To add to that tall order, Yu and his team at TrustFUL have another aim: to move things beyond theory into practice. “We also think about how we can apply the models so that they can be ubiquitously adopted by applications in the real world,” he says.

Already, the researchers have deployed their Federated Learning models in two real-world instances, with much success. In one project, the team worked with the Beijing-based firm Yidu Cloud, which offers AI-powered healthcare solutions. One of their clients, a pharmaceutical company, was trying to understand how likely acute leukaemia was to recur after a stem cell transplant. To model this recurrence risk, they needed data from local hospitals about their leukaemia patients and the efficacy of existing treatments.

Yidu used a Federated Learning model to protect the patients’ data, but they encountered an unexpected problem: the data provided by each of the eight hospitals differed in terms of quality — the result, Yu explains, of data labelling being done by the hospital staff “who are not trained in machine learning, so their labels are very diverse in terms of quality.”

He elaborates: “The company wants to pay hospitals who provide high-quality data more than those whose data quality is not so good. But how do they do that in a fair manner without actually looking at the data itself?”

To get around the problem, while still preserving patient privacy, Yu and his team used game theory to design a framework — called Contribution-Aware Federated Learning (CAreFL) — that made the Federated Learning model aware of the contributions it was being fed. In other words, CAreFL could evaluate the data and decide whether to aggregate the model fragments from all eight hospitals or leave out those with poorer-quality data. Moreover, it could perform these contribution evaluations 2.84 times faster than the best existing methods, with a 2.62% higher average accuracy (an improvement that is significant in industrial settings, Yu says).

“In the end, we could generate a report to the pharmaceutical company to say: ‘Ok, this is how much contribution each hospital made based on how much of their data was actually used,’” he says. “The company could then use this as evidence to come up with a fair division of their budget to pay the hospitals. And if the hospitals enquire why they are being paid in this manner, they could produce this as an explanation.”

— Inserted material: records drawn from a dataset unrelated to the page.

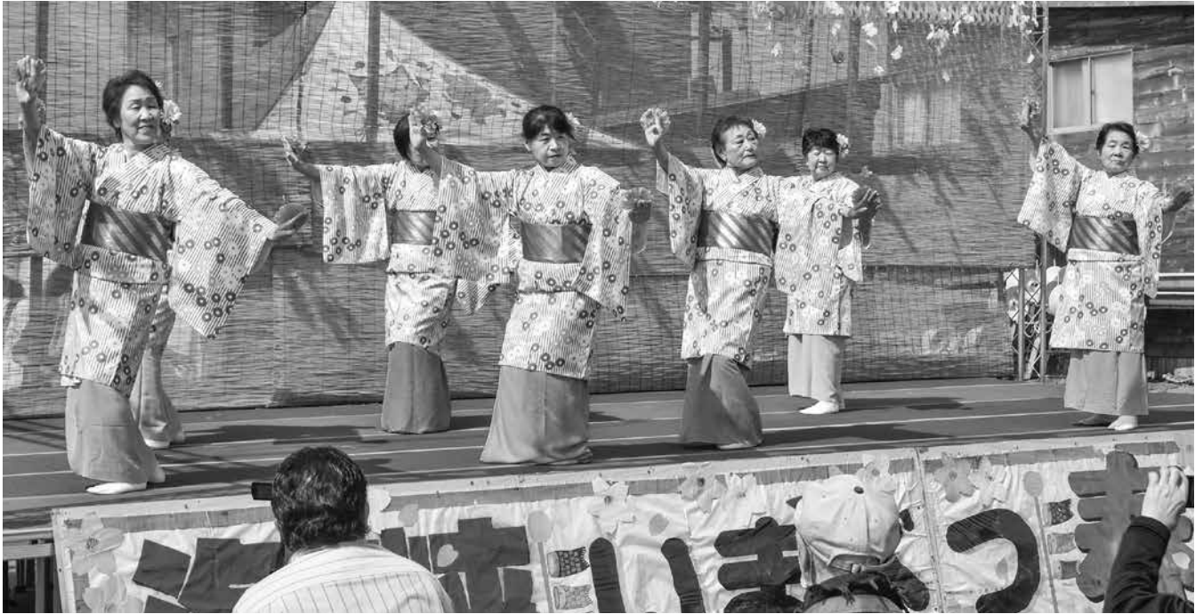
今別町連合婦人会による演舞「あや子のお国自慢だよ」
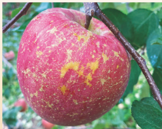
夏季の高温により発生が助長

②ふじの果点アレ、サビが軽減され、油上がりもなく等級が良くなった。夏季は毎年使いたい。
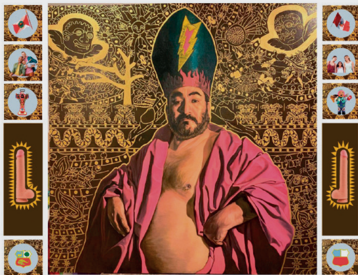
MARIO MOGROVEJO DOMÍNGUEZ EXCESOS ABYECTOS Óleo sobre lienzo 130 x 170 cm
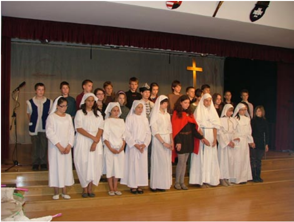
29. A csíksomlyói zarándoklat.
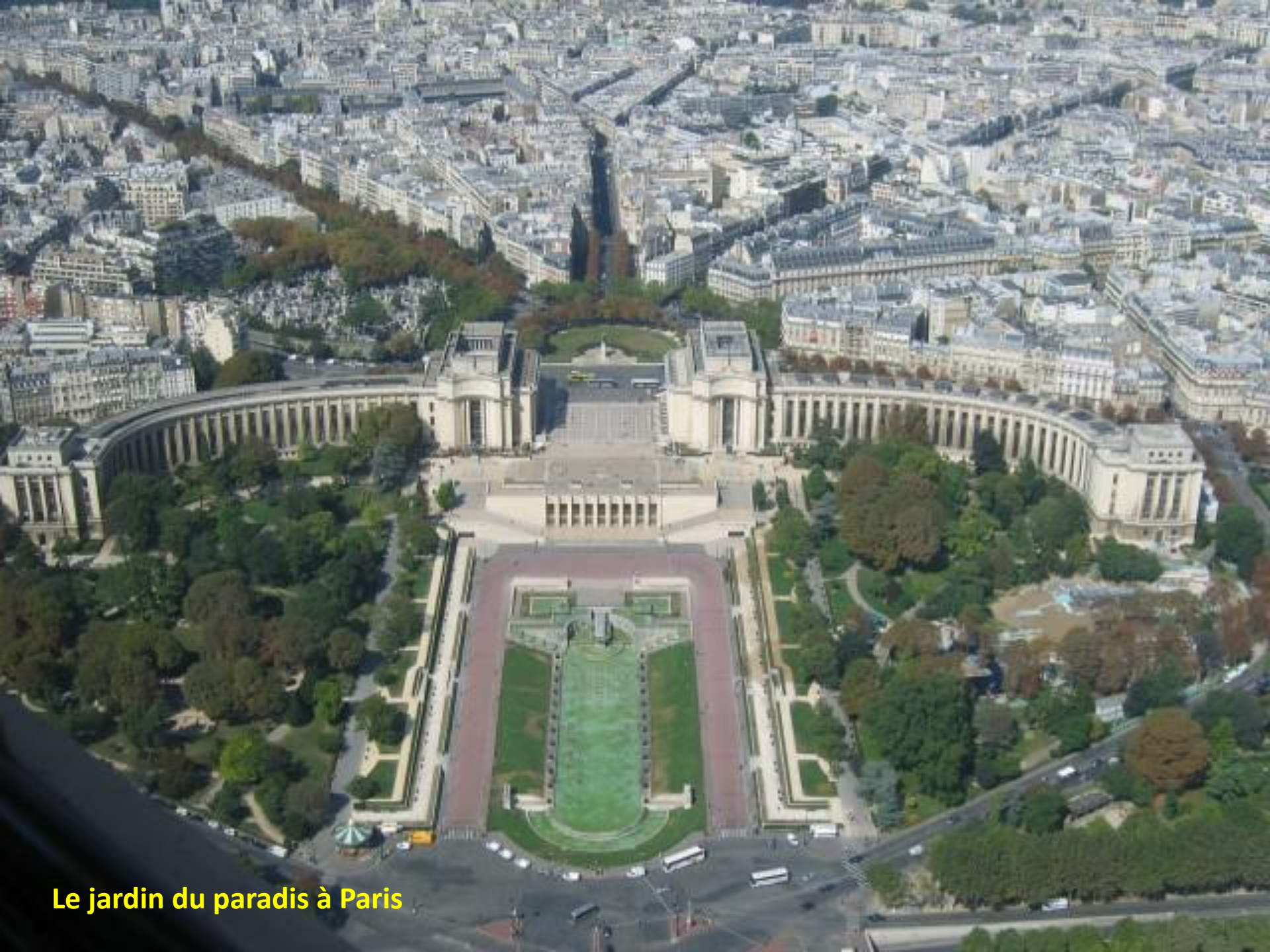
Le jardin du paradis à Paris

Apart from healthcare, TrustFUL has made inroads in other areas, including the renewable energy sector and in computer vision. Still, despite Federated Learning being “a very widely adopted technology” today (as compared to in 2019, when “barely anyone had heard of this”), it’s still something that is far from standardised, with big room for improvement, says Yu.

With his grant running until 2025, Yu has big plans for the future. “We are looking into how we can combine what we are currently doing with foundation models like ChatGPT,” he says.

His team is also keen to study how such large-scale AI models can teach smaller, more task specific models. “The thing with those big models is that they are too complex, so you don’t know what knowledge is inside that may be useful to your task,” he explains. “But Federated Learning could be a good opportunity for us to build model distillation techniques to help smaller models better accomplish their tasks. More advanced techniques such as quantum federated learning can also be explored in this context.”

Yu envisions a future where AI models are trained collaboratively by individuals who trade data on an exchange platform, similar to today’s stock exchange markets. (Image credit: Tobias Deml)

Of his work, Yu says: “My ultimate goal for the future is to enable open and free collaboration of building AI models with data. That will probably take the shape of a trustable and auditable data trading exchange platform like what you do with stocks today, but with data in the future.”

“Federated Learning could help people trade the data they collect, to help others build useful models without exposing their data privacy,” he adds.